__Extracted information__
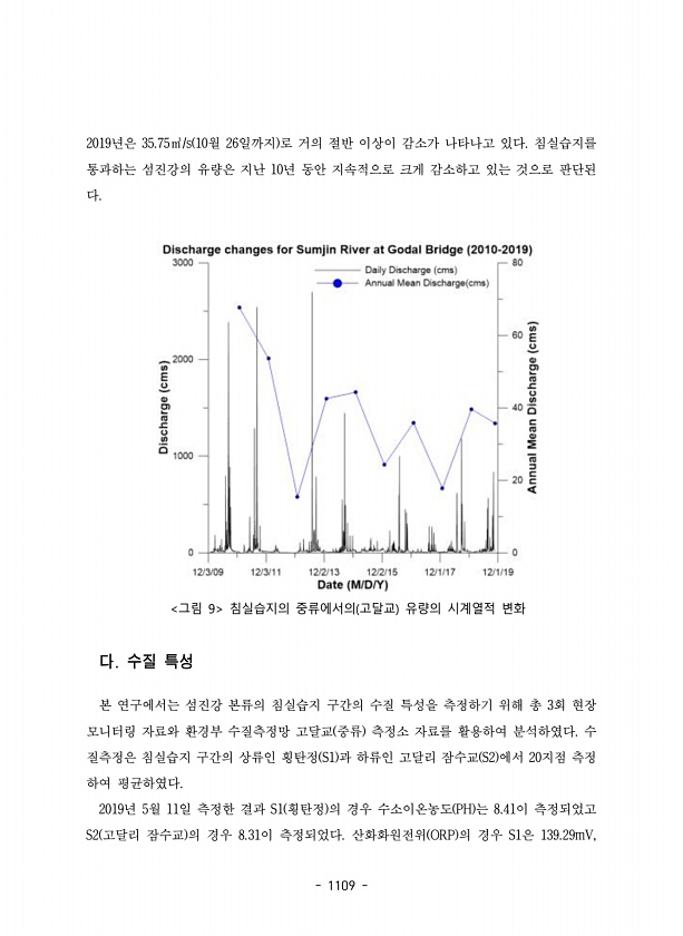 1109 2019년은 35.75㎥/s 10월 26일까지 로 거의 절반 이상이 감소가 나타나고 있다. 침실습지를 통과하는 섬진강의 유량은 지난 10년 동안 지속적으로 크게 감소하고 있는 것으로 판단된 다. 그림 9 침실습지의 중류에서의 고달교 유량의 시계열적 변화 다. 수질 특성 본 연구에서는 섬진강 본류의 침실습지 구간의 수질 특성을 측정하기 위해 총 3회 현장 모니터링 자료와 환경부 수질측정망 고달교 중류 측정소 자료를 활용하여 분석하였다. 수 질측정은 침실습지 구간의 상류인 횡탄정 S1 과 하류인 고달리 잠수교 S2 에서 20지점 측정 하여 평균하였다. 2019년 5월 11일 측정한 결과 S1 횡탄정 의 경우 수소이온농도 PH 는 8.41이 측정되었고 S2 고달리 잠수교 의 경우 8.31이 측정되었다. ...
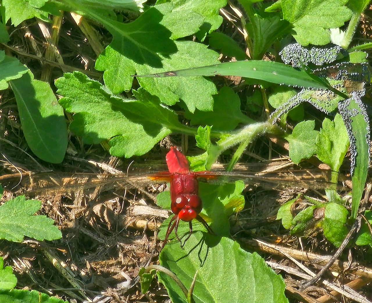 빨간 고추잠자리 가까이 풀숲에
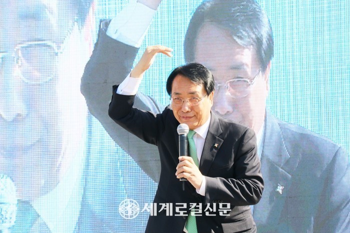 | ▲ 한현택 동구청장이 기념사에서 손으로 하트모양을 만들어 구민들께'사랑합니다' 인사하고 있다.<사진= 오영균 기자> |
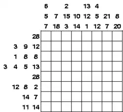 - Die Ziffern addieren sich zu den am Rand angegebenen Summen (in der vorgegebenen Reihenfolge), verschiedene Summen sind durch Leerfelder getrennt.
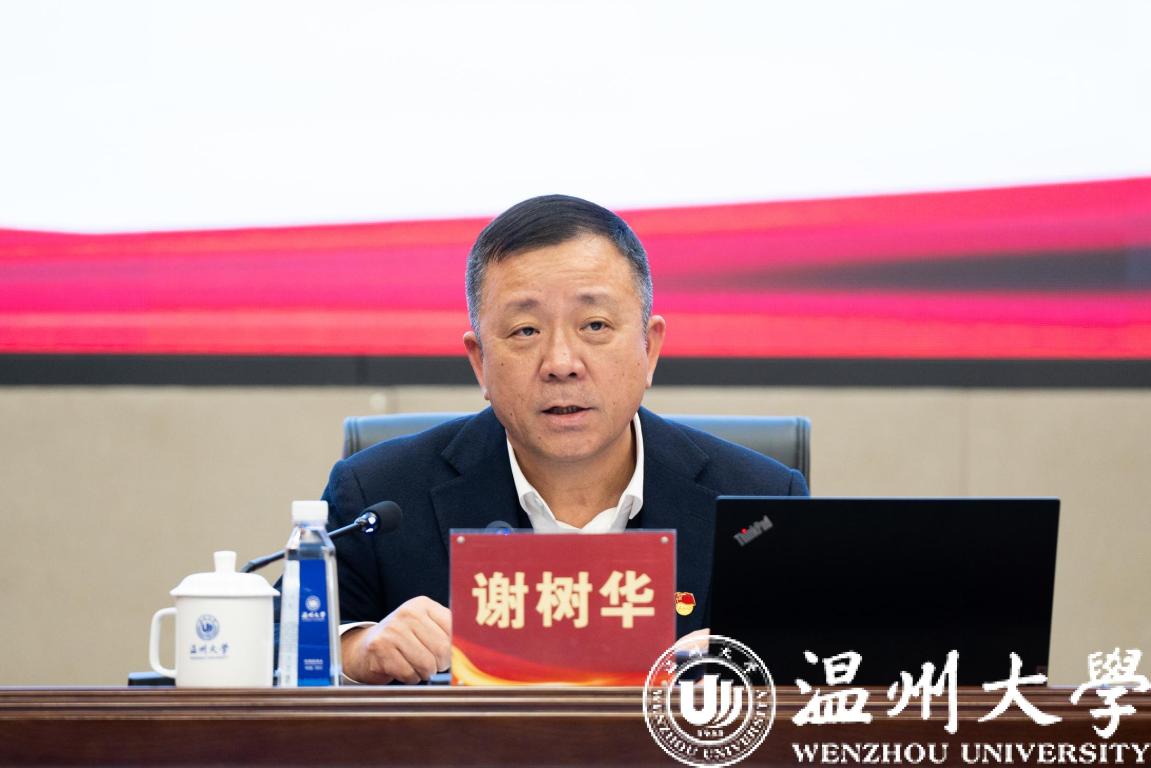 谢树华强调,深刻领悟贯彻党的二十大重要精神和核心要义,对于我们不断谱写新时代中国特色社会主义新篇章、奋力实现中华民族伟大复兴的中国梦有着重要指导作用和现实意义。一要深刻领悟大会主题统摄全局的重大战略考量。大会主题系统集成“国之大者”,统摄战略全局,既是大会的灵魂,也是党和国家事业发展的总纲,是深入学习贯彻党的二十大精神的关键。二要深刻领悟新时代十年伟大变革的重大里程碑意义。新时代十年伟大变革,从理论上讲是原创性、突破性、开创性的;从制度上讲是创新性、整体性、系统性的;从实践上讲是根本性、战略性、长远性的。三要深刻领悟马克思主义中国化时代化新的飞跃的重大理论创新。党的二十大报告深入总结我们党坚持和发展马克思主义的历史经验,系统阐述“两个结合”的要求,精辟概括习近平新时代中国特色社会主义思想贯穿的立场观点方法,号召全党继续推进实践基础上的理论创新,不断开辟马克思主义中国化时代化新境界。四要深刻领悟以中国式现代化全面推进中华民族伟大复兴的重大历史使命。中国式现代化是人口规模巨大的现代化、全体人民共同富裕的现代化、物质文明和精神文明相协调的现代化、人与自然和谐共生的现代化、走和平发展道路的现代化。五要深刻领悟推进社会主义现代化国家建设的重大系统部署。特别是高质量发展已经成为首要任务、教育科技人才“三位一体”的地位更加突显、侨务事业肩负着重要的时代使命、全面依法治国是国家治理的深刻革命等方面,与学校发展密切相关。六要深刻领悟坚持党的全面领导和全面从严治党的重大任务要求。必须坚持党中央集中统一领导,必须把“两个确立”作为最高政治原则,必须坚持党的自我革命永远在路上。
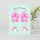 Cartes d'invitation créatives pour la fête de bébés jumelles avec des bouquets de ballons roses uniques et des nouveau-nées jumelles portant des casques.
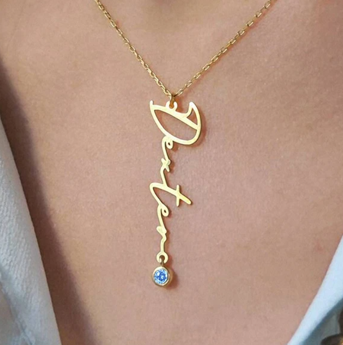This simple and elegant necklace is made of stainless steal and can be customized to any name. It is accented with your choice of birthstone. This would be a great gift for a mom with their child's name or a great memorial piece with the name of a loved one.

__Exercise aim__
Print the material above word for word, and keep the pictures out of it.

__Response to the task__
 1109 2019년은 35.75㎥/s 10월 26일까지 로 거의 절반 이상이 감소가 나타나고 있다. 침실습지를 통과하는 섬진강의 유량은 지난 10년 동안 지속적으로 크게 감소하고 있는 것으로 판단된 다. 그림 9 침실습지의 중류에서의 고달교 유량의 시계열적 변화 다. 수질 특성 본 연구에서는 섬진강 본류의 침실습지 구간의 수질 특성을 측정하기 위해 총 3회 현장 모니터링 자료와 환경부 수질측정망 고달교 중류 측정소 자료를 활용하여 분석하였다. 수 질측정은 침실습지 구간의 상류인 횡탄정 S1 과 하류인 고달리 잠수교 S2 에서 20지점 측정 하여 평균하였다. 2019년 5월 11일 측정한 결과 S1 횡탄정 의 경우 수소이온농도 PH 는 8.41이 측정되었고 S2 고달리 잠수교 의 경우 8.31이 측정되었다. ...
 빨간 고추잠자리 가까이 풀숲에
 | ▲ 한현택 동구청장이 기념사에서 손으로 하트모양을 만들어 구민들께'사랑합니다' 인사하고 있다.<사진= 오영균 기자> |
 - Die Ziffern addieren sich zu den am Rand angegebenen Summen (in der vorgegebenen Reihenfolge), verschiedene Summen sind durch Leerfelder getrennt.
 谢树华强调,深刻领悟贯彻党的二十大重要精神和核心要义,对于我们不断谱写新时代中国特色社会主义新篇章、奋力实现中华民族伟大复兴的中国梦有着重要指导作用和现实意义。一要深刻领悟大会主题统摄全局的重大战略考量。大会主题系统集成“国之大者”,统摄战略全局,既是大会的灵魂,也是党和国家事业发展的总纲,是深入学习贯彻党的二十大精神的关键。二要深刻领悟新时代十年伟大变革的重大里程碑意义。新时代十年伟大变革,从理论上讲是原创性、突破性、开创性的;从制度上讲是创新性、整体性、系统性的;从实践上讲是根本性、战略性、长远性的。三要深刻领悟马克思主义中国化时代化新的飞跃的重大理论创新。党的二十大报告深入总结我们党坚持和发展马克思主义的历史经验,系统阐述“两个结合”的要求,精辟概括习近平新时代中国特色社会主义思想贯穿的立场观点方法,号召全党继续推进实践基础上的理论创新,不断开辟马克思主义中国化时代化新境界。四要深刻领悟以中国式现代化全面推进中华民族伟大复兴的重大历史使命。中国式现代化是人口规模巨大的现代化、全体人民共同富裕的现代化、物质文明和精神文明相协调的现代化、人与自然和谐共生的现代化、走和平发展道路的现代化。五要深刻领悟推进社会主义现代化国家建设的重大系统部署。特别是高质量发展已经成为首要任务、教育科技人才“三位一体”的地位更加突显、侨务事业肩负着重要的时代使命、全面依法治国是国家治理的深刻革命等方面,与学校发展密切相关。六要深刻领悟坚持党的全面领导和全面从严治党的重大任务要求。必须坚持党中央集中统一领导,必须把“两个确立”作为最高政治原则,必须坚持党的自我革命永远在路上。
 Cartes d'invitation créatives pour la fête de bébés jumelles avec des bouquets de ballons roses uniques et des nouveau-nées jumelles portant des casques.
This simple and elegant necklace is made of stainless steal and can be customized to any name. It is accented with your choice of birthstone. This would be a great gift for a mom with their child's name or a great memorial piece with the name of a loved one.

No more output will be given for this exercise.